IF 3.2 3区 医学 Q1 MEDICINE, GENERAL & INTERNAL Pub Date : 2025-01-01 Epub Date: 2024-10-27 DOI: 10.1007/s11739-024-03746-w
Na Yang, Wenlong Zhao, Yongchen Hao, Jun Liu, Jing Liu, Xuedong Zhao, Yan Yan, Shaoping Nie, Wei Gong

Cardiac rupture (CR) is fatal mechanical complication of ST-segment elevation myocardial infarction (STEMI). We systematically analyzed the clinical features of STEMI patients with CR, as well as predictors and treatments associated with risk of CR in contemporary era. In this nationwide database, 49,284 patients admitted within 48 h after STEMI were enrolled, and were stratified according to CR status. We analyzed patients' clinical characteristics, case fatality rate, and independent correlates of CR. A total of 188 (0.38%) patients had CR, of which 42.6% died during hospitalization. Older age, female gender, higher heart rate, history of diabetes, and worse cardiac function were risk factors of CR in patients with STEMI, while a previous history of myocardial infarction was associated with a reduced risk of CR. CR patients were less likely to undergo primary percutaneous coronary intervention (PCI). After adjustment, primary PCI was associated with 56% decreased risk of CR (OR 0.44, 95% CI 0.29-0.67). This result was consistent in the propensity-score matching analysis and inverse probability of treatment weighting analysis. CR was associated with high in-hospital mortality among STEMI patients. Multiple factors were associated with CR occurrence, primary PCI was associated with lower risk of CR, indicating that early intervention targeting the risk factors and implementation of primary PCI may improve its prognosis. Clinical trial registration ClinicalTrials.gov; Number: NCT02306616; URL: www.clinicaltrials.gov.

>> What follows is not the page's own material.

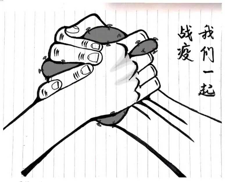 两人手中所握灰色物体意味着新冠肺炎病毒;两只手意味着中国的每一个同胞;紧握的手意味着同舟共济,众志成城,携手共进,共同奋斗。这幅画意味着,希望我们每一位中国人都能携手共进,共同抵抗病毒,消灭病毒,为自己也为我们的国家创造一个健康幸福的生活环境。战疫,我们一起共进退。加油,武汉;加油,中国!

心脏破裂(CR)是ST段抬高型心肌梗死(STEMI)的致命机械并发症。我们系统分析了 STEMI 患者发生 CR 的临床特征,以及当代与 CR 风险相关的预测因素和治疗方法。在这个全国性数据库中,有 49,284 名患者在 STEMI 发生后 48 小时内入院,并根据 CR 状态进行了分层。我们分析了患者的临床特征、病死率和 CR 的独立相关因素。共有 188 例(0.38%)患者出现 CR,其中 42.6% 的患者在住院期间死亡。在 STEMI 患者中,年龄较大、女性、心率较快、糖尿病史和心功能较差是 CR 的风险因素,而既往心肌梗死史则与 CR 风险降低有关。CR患者接受初级经皮冠状动脉介入治疗(PCI)的可能性较低。经调整后,初级 PCI 与 CR 风险降低 56% 相关(OR 0.44,95% CI 0.29-0.67)。这一结果与倾向分数匹配分析和治疗加权逆概率分析结果一致。在 STEMI 患者中,CR 与较高的院内死亡率相关。多种因素与CR的发生有关,初级PCI与较低的CR风险有关,这表明针对危险因素的早期干预和初级PCI的实施可能会改善其预后。临床试验注册 ClinicalTrials.gov; Number:NCT02306616;网址:www.clinicaltrials.gov。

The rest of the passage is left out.